There is an interesting discussion thread here on The Aviation Herald which draws a rather speculative but, given a previous incident "Accident: Egyptair B772 at Cairo on Jul 29th 2011, cockpit fire" has some plausible points to consider.
http://www.avherald.com/h?article=44078aa7&opt=0Egypt Airs Boeing 777 was production number 71
Malaysian Airlines Boeing 777 was production number 404
Malaysian Airlines 777 was apparently NOT part of the batch of 282 Boeing 777s with the fault as identified as the cause of the Egypt Air cockpit fire.
The erratic flight path over Malaysian and Indonesian airspace and the POSSIBLE discovery of MH370 in the Indian Ocean?

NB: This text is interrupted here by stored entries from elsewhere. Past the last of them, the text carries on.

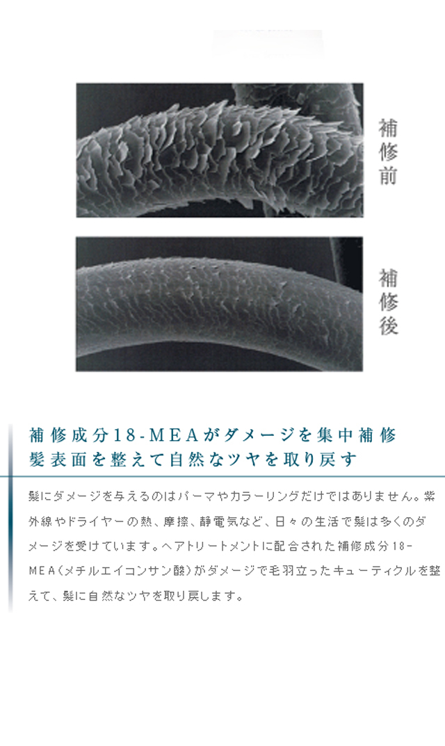 ご使用方法:シャンプー後、十分に髪の水分をとり、適量を手のひらで伸ばしてから毛先を中心に塗布し、3-5分程度おいてからぬるま湯で十分すすいでください。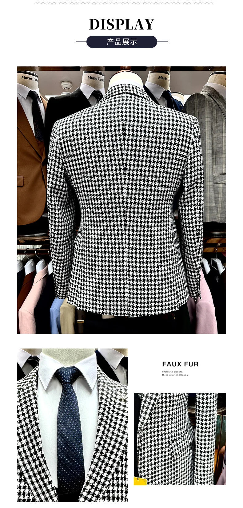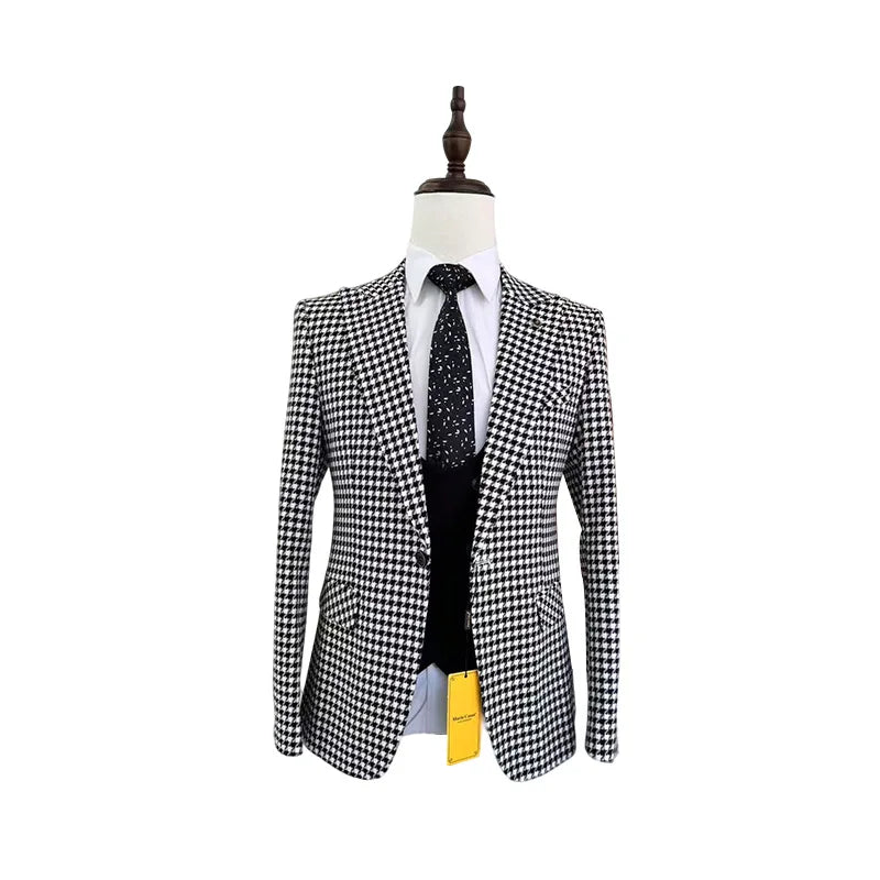 (Blazers + Pants + Vest) New Men Business Social Slim Fit Checkered Suit Male Wedding Ball Party Striped Tuxedo Dress 3Piece Set
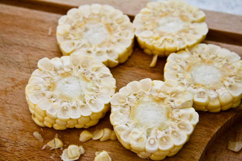 - Remove the husks of your corn and cut off the bottoms to remove any stem. If you want, cut off a ½" round slice from each ear, to add to the presentation of the dish, but this step is not necessary.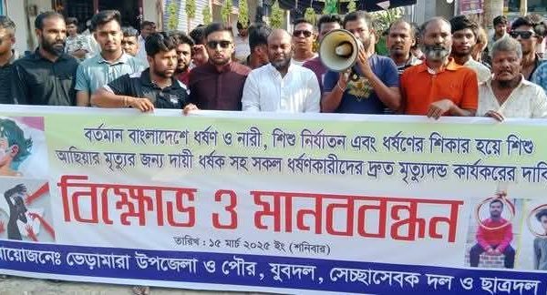 ওলি ইসলাম, ভেড়ামারা থেকে ॥ দেশব্যাপী ধর্ষণ ও শিশু নির্যাতন প্রোতিরোধ এবং ধর্ষণের শিকার মাগুরার শিশু আছিয়ার মৃত্যুর জন্য দায়ী ধর্ষকদের আইনের আওতায় নিয়ে দ্রুত ফাঁসীর দাবীতে কুষ্টিয়ার ভেড়ামারায় এক
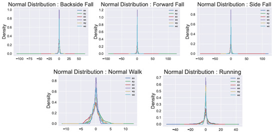 Normal distribution of the obtained accelerometer and gyroscope sensors.

To get there it would have had to turned left from its last known verifiable position, 02:15 last contact with military radar, which would also put it on a heading to the nearest airport in Northern Indonesia (was that the intention?) then, "If the wreck is found in southern Indian Ocean, draw a straight line from that point back to when the flight is known to have made its last turn and that's the point where something happened to incapacitate the crew, leaving the plane to continue on auto-pilot until fuel exhaustion."
Finally, if you subtract the distance spent meandering around in Malaysian and Indonesian airspace from the possible straight line fuel consumption range from Kuala Lumpur then the areas of POSSIBLE debris and pings are in the right range for fuel exhaustion. As commented in the thread earlier, if the on-board computer receives no further instructions after being instructed to head to the nearest alternative then it continues to fly that course until told to do otherwise or, fuel the runs out.
"To change course to an emergency airport all a 777 pilot has to do is go to the ALTN page of the FMC and select and execute DIVERT NOW. The aircraft will then turn and fly to the emergency airport, although it won't start a descent until a lower altitude is selected in the MCP."